Anyhow, I'm just looking for confirmation since my VIN also comes back as not affected. That doesn't mean the recall won't be expanded, of course. It started with BMW and Nissan, I think.

I found another source on the recall where Bosch mentions which dates the affected fuel pumps were manufactured: http://www.carcomplaints.com/news/2015/vw-audi-recalls-sunroof-fuel-pump-problems.shtml


----------



## Spoooolin (Mar 31, 2015)

high pressure fuel pumps are not located in the gas tank.


----------



## reno15a3 (Apr 28, 2015)

Spoooolin said:


> high pressure fuel pumps are not located in the gas tank.


I was not aware.

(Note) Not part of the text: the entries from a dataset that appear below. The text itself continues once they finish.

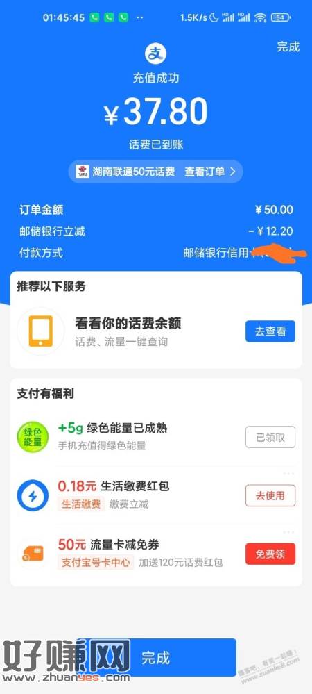 zfb充50话费刚随机立减12.2元可能限湖南邮储,其它地区可以试试有没有其他行的优惠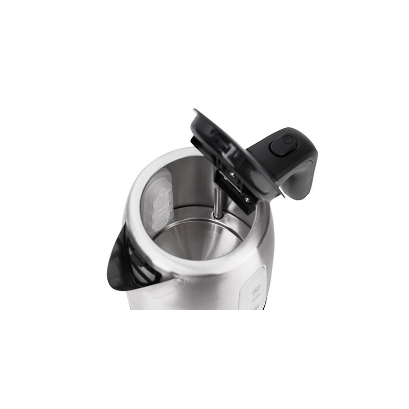 Funkcjonalność czajnika zwiększa dwustronny wskaźnik poziomu wody, który jest wygodny zarówno dla prawo-, jak i leworęcznych użytkowników. Dzięki obrotowej podstawie 360°, czajnik można ustawić pod dowolnym kątem, co ułatwia jego użytkowanie, a przycisk otwierający pokrywkę umożliwia szybkie napełnianie wodą. Schowek na przewód zasilający pomaga utrzymać porządek w kuchni i zapobiega plątaniu się kabli. Czajnik jest zasilany 220-240V ~50/60Hz, co zapewnia jego wszechstronność i kompatybilność z większością gniazdek elektrycznych w Polsce i Europie. Długość przewodu zasilającego wynosząca 69 cm oferuje odpowiednią elastyczność w jego ustawieniu. Jego wymiary 20,0 x 20,0 x 13,0 cm sprawiają, że czajnik jest kompaktowy, ale jednocześnie funkcjonalny, a kolor inox dodaje mu elegancji i nowoczesności. Typ wtyczki E/F zapewnia kompatybilność z większością standardowych gniazdek.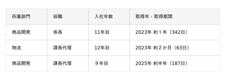 このような状況の中、サンクゼールでは、2025年までに14名の男性社員が育休を活用。2021年に1年間の男性長期育休取得者を契機に、男性の育休取得において、6か月以上の長期取得が半数以上を占め、積極的な傾向が見られます。短期取得に偏らず、育児と仕事の両立を支援する環境が整ってきていることが、今回わかってきました。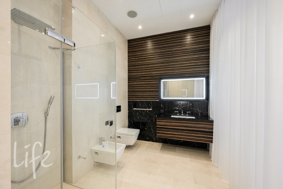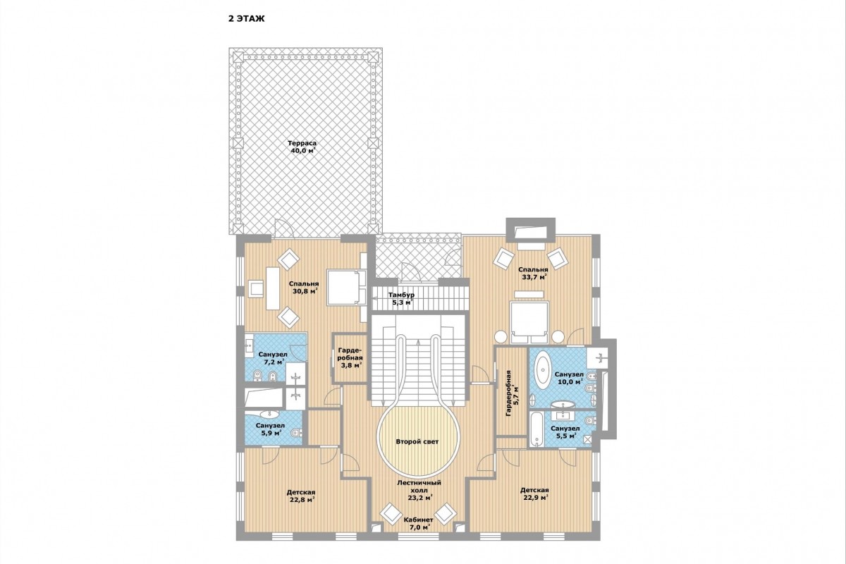 2 этаж: 4 просторные спальни с ванными комнатами и гардеробными, выходами на веранду с видом на лес, ванные комнаты оборудованы мебелью и сантехникой от итальянской фабрики Milldue и
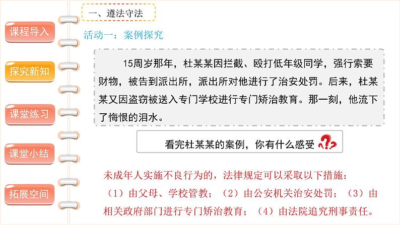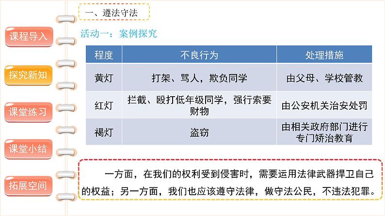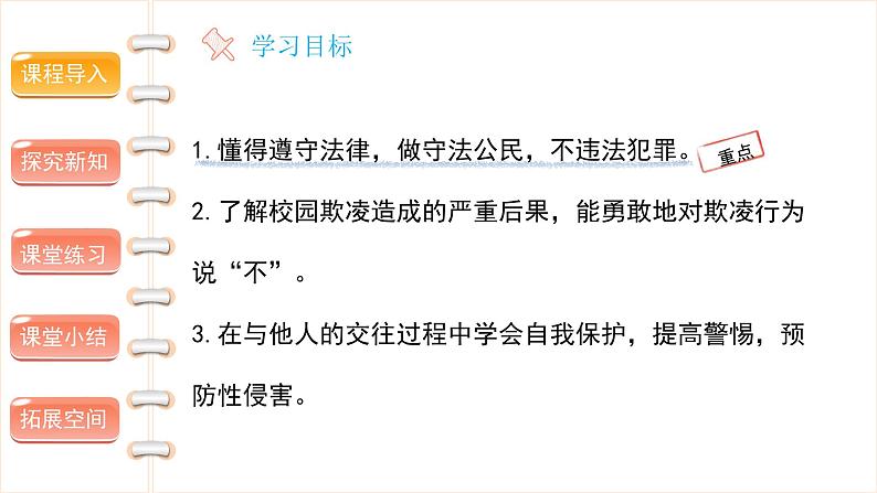 1.懂得遵守法律,做守法公民,不违法犯罪。2.了解校园欺凌造成的严重后果,能勇敢地对欺凌行为说“不”。3.在与他人的交往过程中学会自我保护,提高警惕,预防性侵害。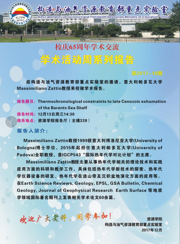 [12月13日]第43期资源学术论坛:Massimiliano Zattin学术报告

This is my first car with a HPFP. Thanks! :thumbup:


----------



## reyoasian (Feb 22, 2015)

I have a 2015 8V S3 Sedan Technik (Canadian model), and unfortunately I was a victim of this issue.

On April, April 16th I picked up the car with 16KM (1 Mi = 1.6 KM)

On Sunday, April 19th with less than 350 KM on the odometer my car (engine) died while I was driving in the middle of the road. I was very close in getting rear ended by a Dodge Ram, however was able to quickly turn into a plaza entrance (very narrow entrance), and barely made it in.
Car was towed back to my dealership after waiting almost 2 hours for the flat bed to come.

Monday I received a call from the Service department that it was the fuel pump sensor.

Tuesday the fuel pump sensor was replaced, and a head mechanic from Audi Canada went to test the vehicle which drove fine until he pulled back into the dealership parking lot when the engine died yet again. Now they decided to replace the whole fuel pump.

Wednesday, they replaced the fuel pump however said the other sensor (in the fuel tank) faulted which needed to be replaced (not sure if this was a secondary concern or if it faulted due to repair of fuel pump). At this point they decided to replace the whole fuel tank.

Thursday, they replaced the fuel tank (I think at this point, the whole fuel system was replaced)

Friday I got the car back (finally)

I got the car back with about 400 KM. I'm at around 850 KM now and so far, the problem has not duplicated itself. 
I have not yet received a report from the dealership on all the repair done (this thread reminded me of it, and I will be calling the Service Adviser to send me one; I picked up the car Friday night as they were closing so they couldn't get me a printed copy)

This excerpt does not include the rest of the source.